A Neural Network Model for Driver’s Lane-Changing Trajectory Prediction in Urban Traffic Flow

1Department of Transportation Engineering, Beijing Institute of Technology, Beijing 100081, China
2Institut für Verkehrssystemtechnik, Deutsche Zentrum für Luft-und Raumfahrt, Lilienthalplatz 7, 38108 Braunschweig, Germany

Received 13 September 2012; Accepted 10 November 2012

Academic Editor: Huimin Niu

Copyright © 2013 Chenxi Ding et al. This is an open access article distributed under the Creative Commons Attribution License, which permits unrestricted use, distribution, and reproduction in any medium, provided the original work is properly cited.

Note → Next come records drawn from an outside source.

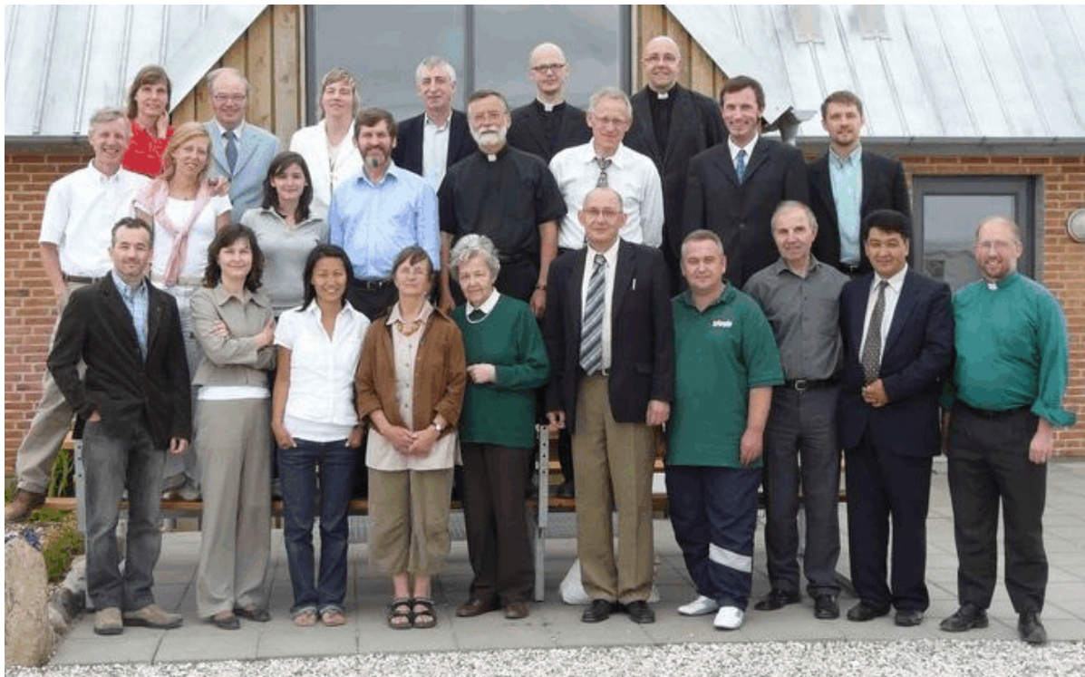
Participants of the 20 th European Lutheran Conference in Denmark
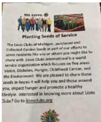
Information put in each packet

Each District was asked to bring 1000 seeds. Each District was assigned a vegetable, 11D1-Summer Squash. Some Districts bought bulk seeds and others bought seed packets. We then assembled seed packets. We received about 100 seed packets with seeds from each District.
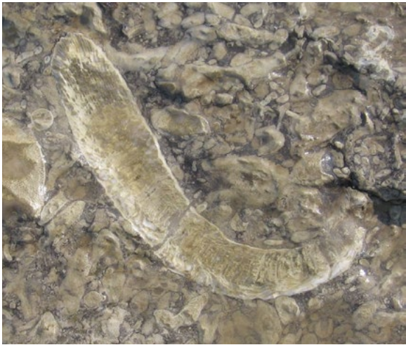
Horn Coral: Siphonophrentis (we call it a “tusk coral”) with many other corals in the coral zone

The “claim to fame” of the lower fossil beds is that it is possible to walk over a single layer on the ancient ocean floor for several acres, which is a rare geological opportunity that could be compared to walking on a dry ocean bottom today. This layer is dominated by colonial corals, horn corals and sponges called stromatoporoids. The uniform texture of the rock in the giant coral and sponge colonies causes them to erode at a different rate from the surrounding limestone, resulting in low mounds. Where corals occur as thousands of tiny “fingers” in the limestone, splash water on them and they will stand out, showing exquisite detail. The illustrations in this brochure will help you recognize certain kinds of fossil corals. There are over 100 species of coral in the lower fossil beds. To keep things simple, this brochure uses common names when they are available.
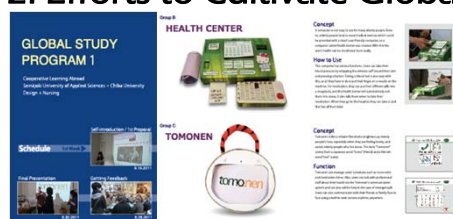
Active Learning Example

Provide support to students studying abroad via International Support Desk (ISD). Investigate the possibility of designing a separate internal scholarship scheme. Promote the mutual recognition of credits through the active acquisition of learning agreements.
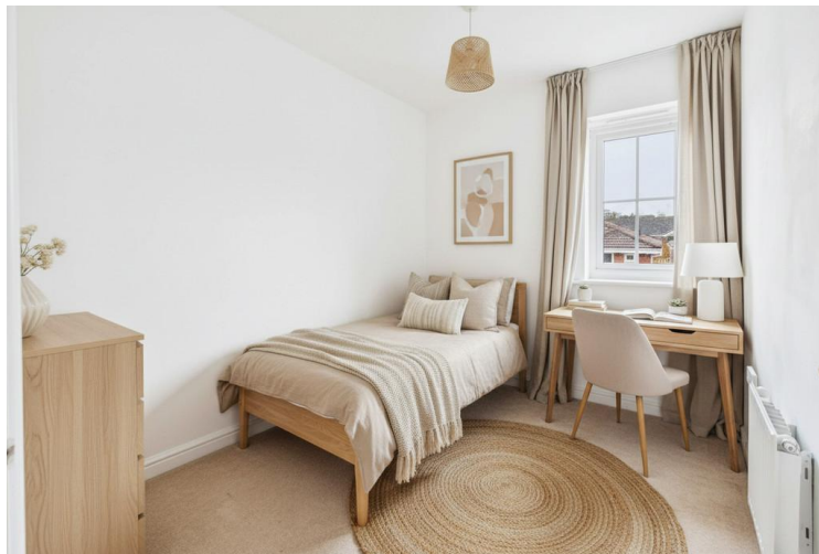
Virtually Staged Bedroom 3

The neural network may learn and incorporate the uncertainties to predict the driver’s lane-changing behavior more accurately. In this paper, we will discuss in detail the effectiveness of Back-Propagation (BP) neural network for prediction of lane-changing trajectory based on the past vehicle data and compare the results between BP neural network model and Elman Network model in terms of the training time and accuracy. Driving simulator data and NGSIM data were processed by a smooth method and then used to validate the availability of the model. The test results indicate that BP neural network might be an accurate prediction of driver’s lane-changing behavior in urban traffic flow. The objective of this paper is to show the usefulness of BP neural network in prediction of lane-changing process and confirm that the vehicle trajectory is influenced previously by the collected data.